Я увидел вспышку паники у нее во взгляде, но все же она согласилась: – Конечно, я не возражаю, – сказала она.
– До того, как ты увидела меня в тот полдень, когда я забирал тебя от отца, ты помнишь, что мы встречались? – спросил я. Она нахмурилась, лицо вытянулось от удивления. Я невольно улыбнулся, это напомнило мне о том взгляде, который она бросила на Элизабет, когда та сказала Изабелле, что она грязная.
– Нет, сэр, – нерешительно ответила она, подозрительно глядя на меня. Я кивнул, вздыхая. Мой визит в Финикс на нашу годовщину не был единственным разом, когда я контактировал с Изабеллой. Через несколько месяцев отец послал меня обратно, и Элизабет умоляла меня поехать самому. Я сначала сопротивлялся, но потом согласился, ведь обычно жены сопровождали нас в деловых поездках, и в этом не было ничего страшного. В третий раз мы поехали туда через два месяца и взяли с собой Эдварда. Думаю, раз она не могла вспомнить меня, как она могла помнить Эдварда. Эдварду тогда исполнилось пять, а Изабелле было по-прежнему три, поэтому неудивительно, что у нее не осталось воспоминаний о встрече, но я подумал, может, эта встреча в детстве заставила их ощутить подсознательное родство друг к другу. Также я часто размышлял, может ли тот факт, что Эдвард похож на Элизабет, на неосознанном уровне влиять на Изабеллу, даже если она этого не осознает. Я обманул ее на День Благодарения, и чувствую себя ужасно из-за этого, но она избегала меня всеми способами, а я хотел найти причину провести с ней время и не вызвать подозрений. Поэтому я выбросил яйца, зная, что без них она не сможет приготовить обед, и мы поехали с ней в магазин. Я расспрашивал ее во время поездки, почему ей так легко с Эдвардом, желая выяснить, что, может, она чувствует это родство, но она избегала прямых ответов.

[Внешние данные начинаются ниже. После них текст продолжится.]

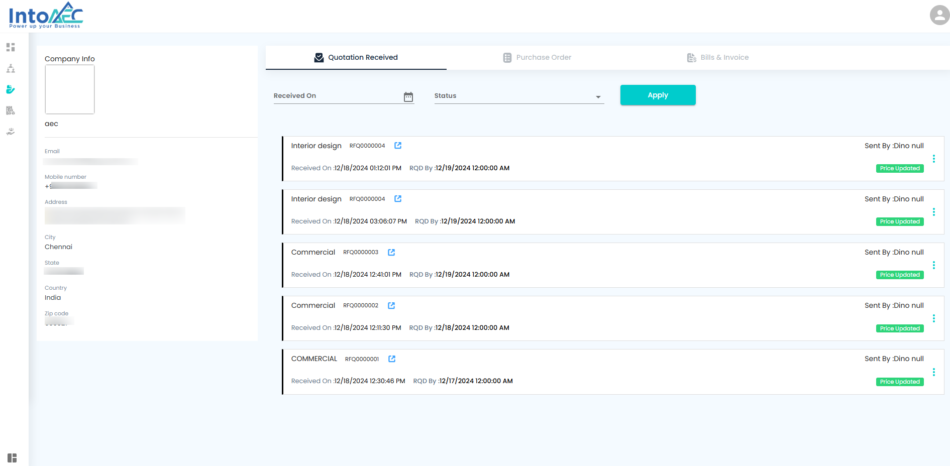 Once a quotation is accepted, it evolves into a Purchase Order. The portal ensures smooth tracking:

– Когда я впервые встретил тебя, Изабелла, тебе было три года, – сказал я, зная, что от этого открытия вреда не будет. – Хорошо, ты сказала моей жене и мне, что тебе три, но показала только два пальца, – она улыбнулась, и я тоже заулыбался. – В любом случае, кажется странным, что ты помнишь мою сестру, а не меня, хотя я видел тебя не раз за эти годы.
С ее лица сползла улыбка, в глазах снова зажглась паника. – Простите, сэр, – быстро проговорила она. Я нахмурился от удивления.
– Не надо извиняться, дитя. Мне просто интересно, вот и все. В любом случае, причина, по которой я попросил тебя зайти другая, я хочу тебе кое-что дать. Я думал, следует ли мне это делать, но потом решил, что держать это у себя жестоко и нечестно, – ответил я. Она сконфуженно уставилась на меня.
– Хорошо, – мягко ответила она. Я легко улыбнулся и открыл верхний ящик стола, доставая фотографию. У меня она была уже несколько недель, с моего первого визита в Финикс с Алеком. Он поехал туда по делам, в резиденцию сестры, а я – по личным причинам. Он отчасти понимал, почему я там – чтобы сделать эту фотографию, но остальное я ему не говорил. Я не хотел вовлекать его в то, что ему не нужно, поэтому и не сказал, что отправился за ДНК Рене.